After one of my demoralizing business failures, I went to rich dad and asked, "So what did I do wrong? I thought I designed it well."
"Obviously you didn't," rich dad said with a smirk.
"How many times do I have to do this? I'm the biggest failure I know."

Rich dad said, "Losers quit when they fail. Winners fail until they succeed." Shuffling the papers at his desk for a moment, he then looked up at me and said, "The world is filled with want-to-be entrepreneurs. They sit behind desks, have important sounding titles like vice president, branch manager or supervisor, and some even take home a decent paycheck. These want-to-be entrepreneurs dream of someday starting their own business empire and maybe someday some of them will. Yet I believe most will never make the leap. Most will have some excuse, some rationalization, such as, 'When the kids are grown.' Or, 'I'll go back to school first.' Or, 'When I have enough money saved.'"

"But they never jump from the plane," I said, finishing his thoughts.

At What Level Do You Want to Play the Game?
Rich dad went on to explain that the world was filled with different types of entrepreneurs. There are entrepreneurs who are big and small, rich and poor, honest and crooked, for-profit and not-for-profit, saint and sinner, small town and international, and successes and failures.

He said, "The word entrepreneur is a big word and it means different things to different people."

Rich dad wanted us to understand that anyone could be an entrepreneur. The neighborhood babysitter is an entrepreneur. So was Henry Ford. "Your job is to decide which entrepreneur you most want to be like - the babysitter or Henry Ford?" he said. "Both are important to their customers. It's like the difference between sandlot football, high school football, college football and professional football."

With that example, I understood. When I was in college in New York, playing college football, our team had the opportunity to practice with a few players from a professional football team, the New York Jets. It was soon obvious to the college football players that while we played the same game as the pro players, we were playing it at a completely different level.

As a linebacker, my first rude awakening was trying to tackle a New York Jets running back coming through the line. I doubt he even knew I hit him. It felt like I was trying to tackle a charging rhino. That running back and I were about the same size. But after trying to tackle him, I realized the difference was not physical. It was spiritual. He had the heart, the desire and the gift of natural talent to be a great player.

Today, older and wiser, I do not have illusions that I would ever be as great an entrepreneur as Thomas Edison, Henry Ford, Steven Jobs or Walt Disney. Yet I can still learn from them and use them as mentors.

And that is rich dad's entrepreneurial lesson No. 1: "A successful business is created before there is a business."

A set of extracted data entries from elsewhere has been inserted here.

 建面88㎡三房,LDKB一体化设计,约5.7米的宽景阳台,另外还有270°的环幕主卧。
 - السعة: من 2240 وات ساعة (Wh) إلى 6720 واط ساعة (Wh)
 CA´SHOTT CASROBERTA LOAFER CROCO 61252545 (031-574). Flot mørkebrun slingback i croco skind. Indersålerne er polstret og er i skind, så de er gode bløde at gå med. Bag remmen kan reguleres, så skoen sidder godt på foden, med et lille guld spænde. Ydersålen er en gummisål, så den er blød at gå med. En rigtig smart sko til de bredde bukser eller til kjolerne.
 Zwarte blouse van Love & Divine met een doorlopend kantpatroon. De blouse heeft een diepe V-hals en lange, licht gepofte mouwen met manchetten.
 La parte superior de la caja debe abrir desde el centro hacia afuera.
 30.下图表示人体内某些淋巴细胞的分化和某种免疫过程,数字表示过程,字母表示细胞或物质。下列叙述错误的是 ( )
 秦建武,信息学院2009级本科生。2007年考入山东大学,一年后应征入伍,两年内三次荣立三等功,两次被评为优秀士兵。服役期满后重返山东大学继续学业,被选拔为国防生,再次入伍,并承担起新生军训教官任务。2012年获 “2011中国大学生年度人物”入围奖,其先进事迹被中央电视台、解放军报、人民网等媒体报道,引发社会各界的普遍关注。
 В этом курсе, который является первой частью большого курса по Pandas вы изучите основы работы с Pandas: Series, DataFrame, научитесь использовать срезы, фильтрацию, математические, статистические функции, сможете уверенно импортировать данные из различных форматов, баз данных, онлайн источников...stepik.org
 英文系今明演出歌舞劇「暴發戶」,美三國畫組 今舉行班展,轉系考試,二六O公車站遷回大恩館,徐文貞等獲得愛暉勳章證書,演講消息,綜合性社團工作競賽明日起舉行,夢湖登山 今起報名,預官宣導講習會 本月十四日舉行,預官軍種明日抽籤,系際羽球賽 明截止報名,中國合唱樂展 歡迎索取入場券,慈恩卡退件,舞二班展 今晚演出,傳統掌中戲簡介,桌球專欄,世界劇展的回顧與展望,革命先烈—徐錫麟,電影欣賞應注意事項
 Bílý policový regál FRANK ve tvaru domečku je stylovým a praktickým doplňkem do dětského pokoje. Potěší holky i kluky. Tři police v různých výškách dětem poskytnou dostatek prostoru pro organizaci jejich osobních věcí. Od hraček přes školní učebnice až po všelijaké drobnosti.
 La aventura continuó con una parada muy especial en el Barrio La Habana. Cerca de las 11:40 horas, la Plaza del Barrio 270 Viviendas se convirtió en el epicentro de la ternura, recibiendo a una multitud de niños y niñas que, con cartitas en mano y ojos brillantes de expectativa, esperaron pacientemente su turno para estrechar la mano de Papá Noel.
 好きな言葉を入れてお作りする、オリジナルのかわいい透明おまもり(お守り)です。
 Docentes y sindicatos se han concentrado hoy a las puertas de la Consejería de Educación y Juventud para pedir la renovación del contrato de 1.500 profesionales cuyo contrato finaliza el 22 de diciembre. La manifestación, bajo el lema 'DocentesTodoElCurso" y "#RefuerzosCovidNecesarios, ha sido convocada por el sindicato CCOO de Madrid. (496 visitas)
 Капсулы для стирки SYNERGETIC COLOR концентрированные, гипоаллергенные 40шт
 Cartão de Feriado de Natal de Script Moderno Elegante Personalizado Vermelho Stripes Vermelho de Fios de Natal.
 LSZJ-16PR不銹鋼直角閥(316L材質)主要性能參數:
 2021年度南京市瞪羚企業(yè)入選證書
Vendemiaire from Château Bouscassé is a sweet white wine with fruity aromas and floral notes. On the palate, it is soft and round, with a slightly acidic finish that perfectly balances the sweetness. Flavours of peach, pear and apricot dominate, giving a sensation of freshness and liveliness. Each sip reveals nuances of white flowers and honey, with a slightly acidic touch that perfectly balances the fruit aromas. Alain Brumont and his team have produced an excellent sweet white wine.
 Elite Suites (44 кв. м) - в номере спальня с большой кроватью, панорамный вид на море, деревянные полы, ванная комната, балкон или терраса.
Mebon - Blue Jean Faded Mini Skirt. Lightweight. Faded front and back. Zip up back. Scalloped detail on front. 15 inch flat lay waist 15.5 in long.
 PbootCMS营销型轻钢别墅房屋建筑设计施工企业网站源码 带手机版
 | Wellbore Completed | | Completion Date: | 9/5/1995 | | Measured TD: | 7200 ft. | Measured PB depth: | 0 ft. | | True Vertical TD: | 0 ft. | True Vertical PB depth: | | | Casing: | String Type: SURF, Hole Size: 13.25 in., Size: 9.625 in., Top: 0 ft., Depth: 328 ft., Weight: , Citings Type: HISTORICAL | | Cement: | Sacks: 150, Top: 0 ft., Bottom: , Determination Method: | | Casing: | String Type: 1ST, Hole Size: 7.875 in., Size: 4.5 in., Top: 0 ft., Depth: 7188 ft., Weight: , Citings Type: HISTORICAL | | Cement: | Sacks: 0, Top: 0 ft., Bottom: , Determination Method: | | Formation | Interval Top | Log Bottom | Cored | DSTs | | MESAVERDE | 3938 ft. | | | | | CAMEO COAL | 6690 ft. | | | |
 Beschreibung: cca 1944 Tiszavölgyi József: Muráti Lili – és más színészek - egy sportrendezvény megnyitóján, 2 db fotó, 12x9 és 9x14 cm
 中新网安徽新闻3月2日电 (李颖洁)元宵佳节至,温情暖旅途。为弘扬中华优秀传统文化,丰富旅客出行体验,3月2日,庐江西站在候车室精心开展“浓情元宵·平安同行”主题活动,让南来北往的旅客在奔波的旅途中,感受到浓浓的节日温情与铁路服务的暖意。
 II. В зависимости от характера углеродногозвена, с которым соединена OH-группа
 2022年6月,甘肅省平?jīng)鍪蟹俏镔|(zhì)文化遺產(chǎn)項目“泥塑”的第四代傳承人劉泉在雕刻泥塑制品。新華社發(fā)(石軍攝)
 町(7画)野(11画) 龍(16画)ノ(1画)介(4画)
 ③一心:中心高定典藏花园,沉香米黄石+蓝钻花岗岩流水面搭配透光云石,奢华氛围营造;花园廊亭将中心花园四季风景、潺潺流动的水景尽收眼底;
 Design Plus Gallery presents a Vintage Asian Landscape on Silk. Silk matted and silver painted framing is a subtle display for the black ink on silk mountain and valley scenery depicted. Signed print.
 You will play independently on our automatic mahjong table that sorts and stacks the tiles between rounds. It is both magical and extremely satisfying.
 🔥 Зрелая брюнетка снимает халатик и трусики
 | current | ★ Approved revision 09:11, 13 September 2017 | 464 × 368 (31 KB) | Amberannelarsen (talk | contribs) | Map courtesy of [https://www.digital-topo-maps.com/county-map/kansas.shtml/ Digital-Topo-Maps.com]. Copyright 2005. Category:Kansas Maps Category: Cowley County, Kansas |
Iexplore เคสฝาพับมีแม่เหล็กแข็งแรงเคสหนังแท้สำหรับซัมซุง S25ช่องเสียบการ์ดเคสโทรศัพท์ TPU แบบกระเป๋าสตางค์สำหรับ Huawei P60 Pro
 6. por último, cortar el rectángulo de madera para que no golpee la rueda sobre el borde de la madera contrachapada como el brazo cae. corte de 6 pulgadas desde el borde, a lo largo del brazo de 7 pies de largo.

Network Marketing Business
The network marketing and direct sales industry is recognized by many to be the fastest growing business model in the world today. It is also the most controversial. Many people still have a negative reaction, claiming that many network marketing organizations are pyramid schemes. Yet in reality, the biggest pyramid scheme in the world is the traditional business corporation, with one person at the top and all the workers below.

We are not members of any one network marketing or direct marketing business, but we do speak favorably of the industry. People who want to be entrepreneurs should consider joining one of these businesses before they quit their jobs. Why? Many of these companies provide essential sales, business-building, and leadership skills not found anywhere else. One of the most valuable benefits from associating with a reputable organization is that it teaches the mind-set as well as the courage required to become an entrepreneur. You will also become more familiar with the systems required to build a successful business. The entry fee is typically quite reasonable and the education can be priceless.

If I were starting my entrepreneurial career all over again, I would start with a network marketing or direct sales business, not for the money but for the real-world business training I could receive.